:: ACTION ITEM ::
Write out exactly the lines below that run from the one containing "If you've been" through the one containing "1、點擊底部導航欄中間的央視", both included, with no other lines.

:: STORED DATA ::
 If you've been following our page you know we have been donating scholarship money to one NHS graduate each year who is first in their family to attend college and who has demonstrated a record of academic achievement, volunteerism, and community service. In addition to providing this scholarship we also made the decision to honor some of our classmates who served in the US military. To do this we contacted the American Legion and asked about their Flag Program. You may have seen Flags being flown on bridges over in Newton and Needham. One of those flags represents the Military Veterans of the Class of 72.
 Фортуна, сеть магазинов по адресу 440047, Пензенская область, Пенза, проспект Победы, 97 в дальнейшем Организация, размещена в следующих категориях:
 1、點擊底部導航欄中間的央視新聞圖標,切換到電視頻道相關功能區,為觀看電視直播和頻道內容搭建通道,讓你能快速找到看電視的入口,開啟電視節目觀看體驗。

==

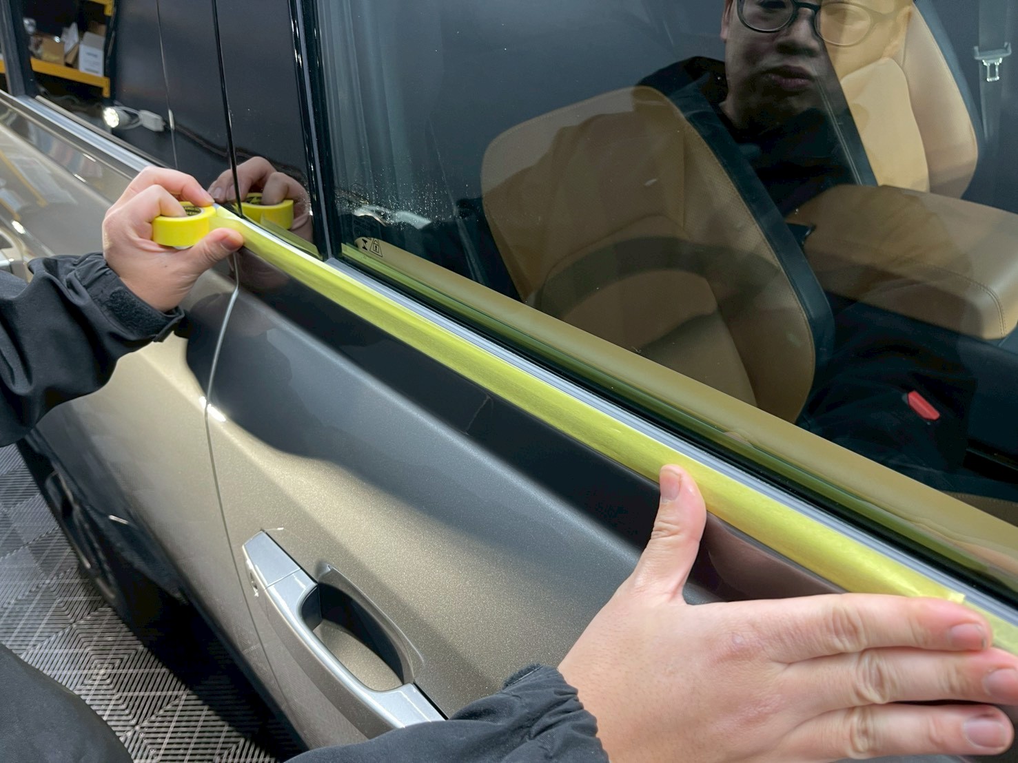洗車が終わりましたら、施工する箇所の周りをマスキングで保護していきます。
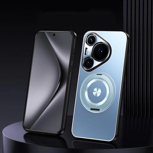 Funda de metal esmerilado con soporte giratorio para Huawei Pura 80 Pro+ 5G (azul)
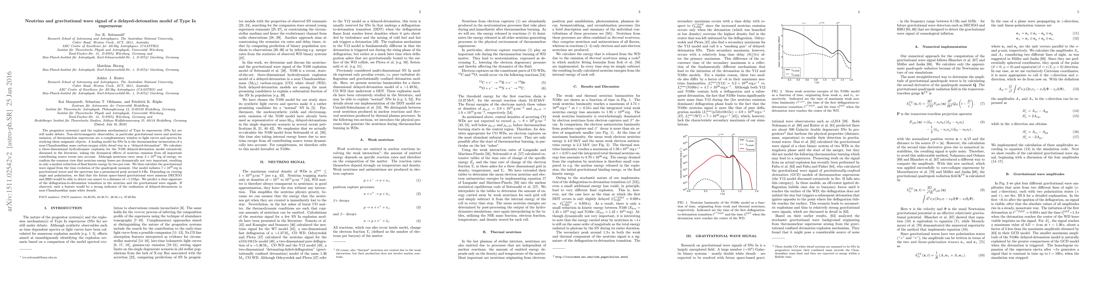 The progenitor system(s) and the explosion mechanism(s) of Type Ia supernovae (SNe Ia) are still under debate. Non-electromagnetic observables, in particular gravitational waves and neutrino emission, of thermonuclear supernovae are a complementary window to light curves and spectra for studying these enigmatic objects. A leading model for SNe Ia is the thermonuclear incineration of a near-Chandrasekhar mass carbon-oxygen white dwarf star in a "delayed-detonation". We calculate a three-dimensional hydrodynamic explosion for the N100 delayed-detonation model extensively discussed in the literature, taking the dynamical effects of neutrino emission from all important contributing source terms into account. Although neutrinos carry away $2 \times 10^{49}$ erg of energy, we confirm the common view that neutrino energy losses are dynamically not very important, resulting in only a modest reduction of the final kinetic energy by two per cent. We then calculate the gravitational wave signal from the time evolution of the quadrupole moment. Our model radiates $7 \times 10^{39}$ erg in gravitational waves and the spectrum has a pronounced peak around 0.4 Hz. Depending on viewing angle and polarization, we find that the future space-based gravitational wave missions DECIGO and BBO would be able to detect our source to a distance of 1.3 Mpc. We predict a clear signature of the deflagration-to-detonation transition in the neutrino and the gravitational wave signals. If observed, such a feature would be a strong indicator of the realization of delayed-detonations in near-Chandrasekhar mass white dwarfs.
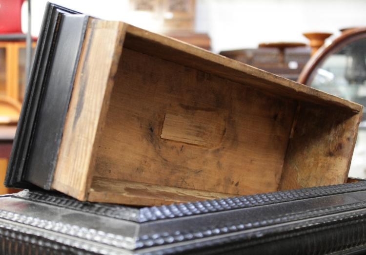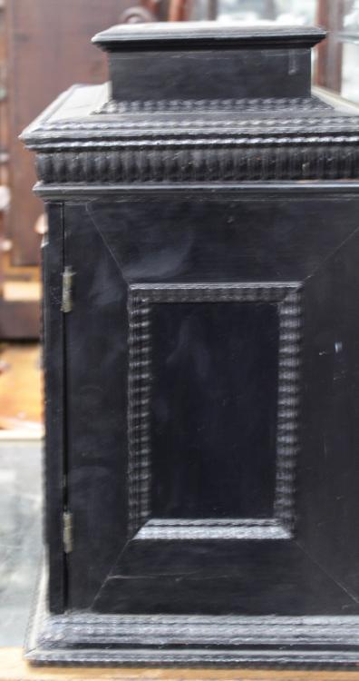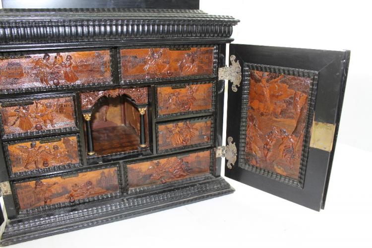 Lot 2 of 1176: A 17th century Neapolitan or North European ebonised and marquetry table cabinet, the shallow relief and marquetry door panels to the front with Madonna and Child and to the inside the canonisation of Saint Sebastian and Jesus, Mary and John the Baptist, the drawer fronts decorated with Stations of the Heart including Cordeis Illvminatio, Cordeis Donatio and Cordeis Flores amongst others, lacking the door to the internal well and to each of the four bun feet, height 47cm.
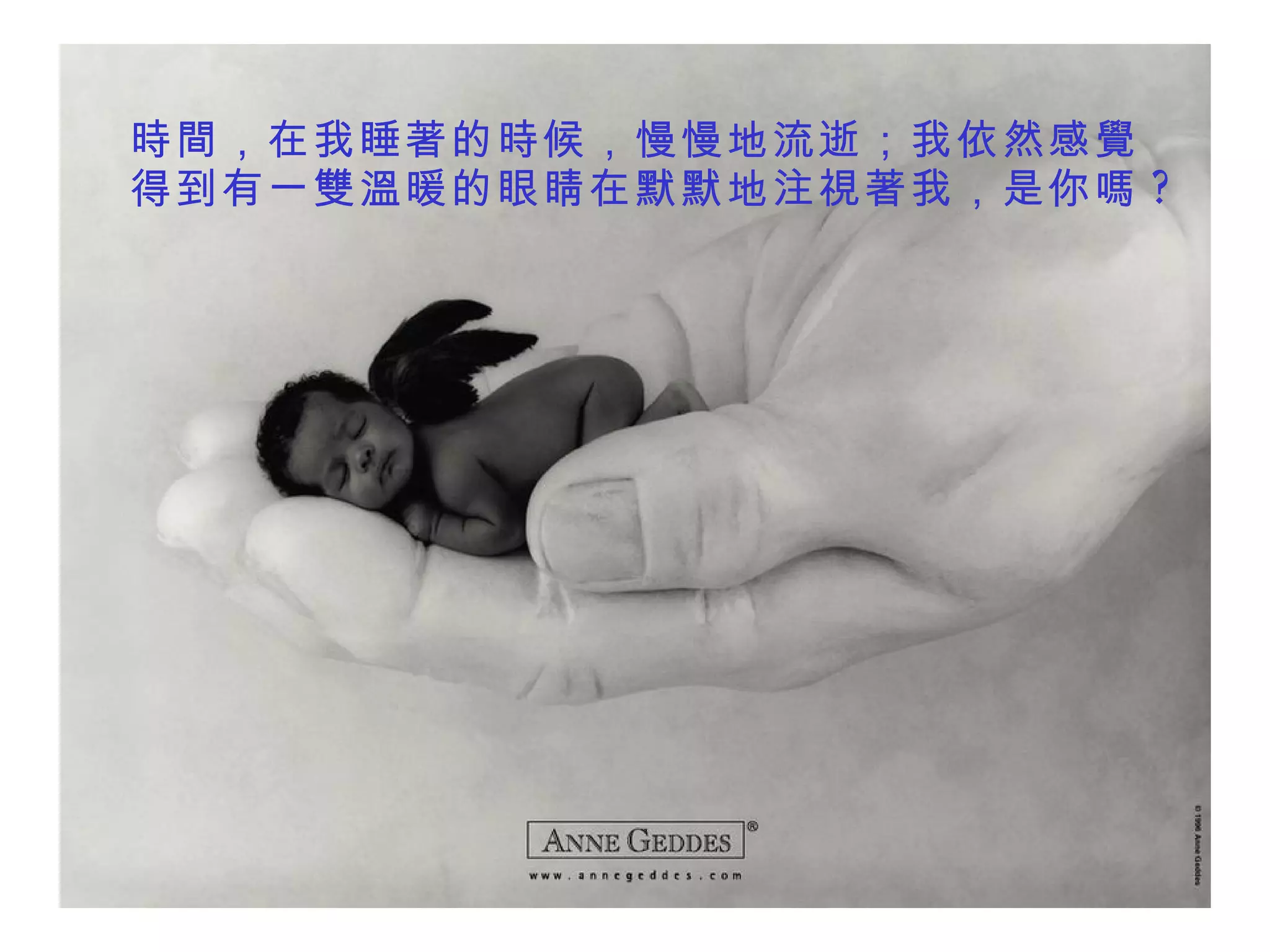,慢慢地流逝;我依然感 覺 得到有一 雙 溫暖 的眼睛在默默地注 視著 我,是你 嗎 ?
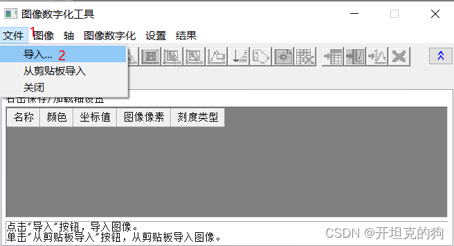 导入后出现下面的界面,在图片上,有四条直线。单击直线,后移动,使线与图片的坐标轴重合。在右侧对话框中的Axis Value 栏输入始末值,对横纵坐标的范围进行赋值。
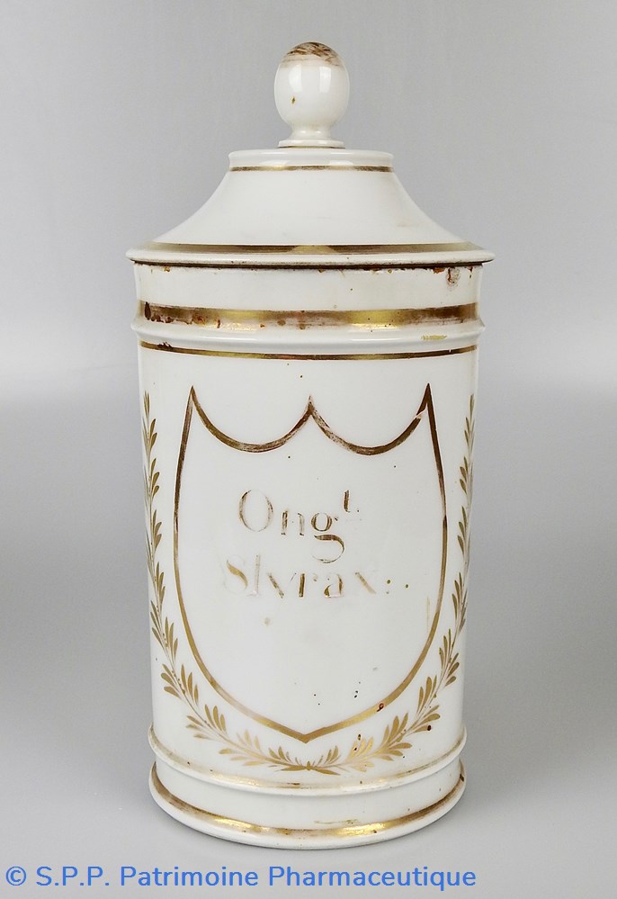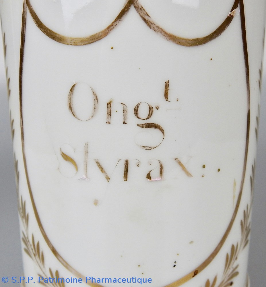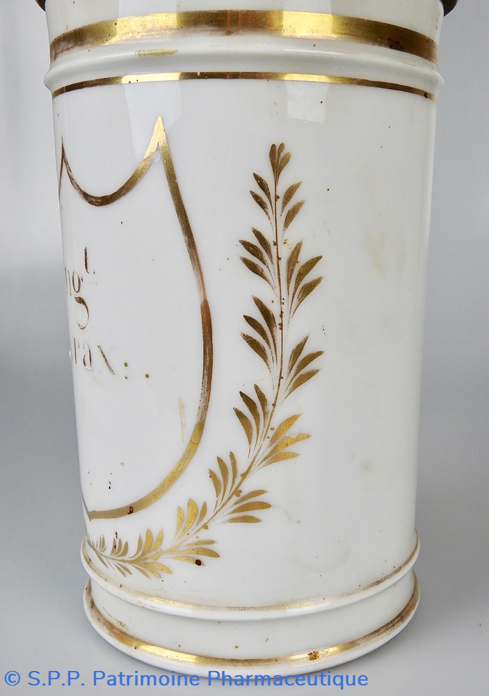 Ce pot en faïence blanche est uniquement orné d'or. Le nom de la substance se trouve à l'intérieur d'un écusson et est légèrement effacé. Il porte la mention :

:: REPLY TO THE TASK ::
 If you've been following our page you know we have been donating scholarship money to one NHS graduate each year who is first in their family to attend college and who has demonstrated a record of academic achievement, volunteerism, and community service. In addition to providing this scholarship we also made the decision to honor some of our classmates who served in the US military. To do this we contacted the American Legion and asked about their Flag Program. You may have seen Flags being flown on bridges over in Newton and Needham. One of those flags represents the Military Veterans of the Class of 72.
 Фортуна, сеть магазинов по адресу 440047, Пензенская область, Пенза, проспект Победы, 97 в дальнейшем Организация, размещена в следующих категориях:
 1、點擊底部導航欄中間的央視新聞圖標,切換到電視頻道相關功能區,為觀看電視直播和頻道內容搭建通道,讓你能快速找到看電視的入口,開啟電視節目觀看體驗。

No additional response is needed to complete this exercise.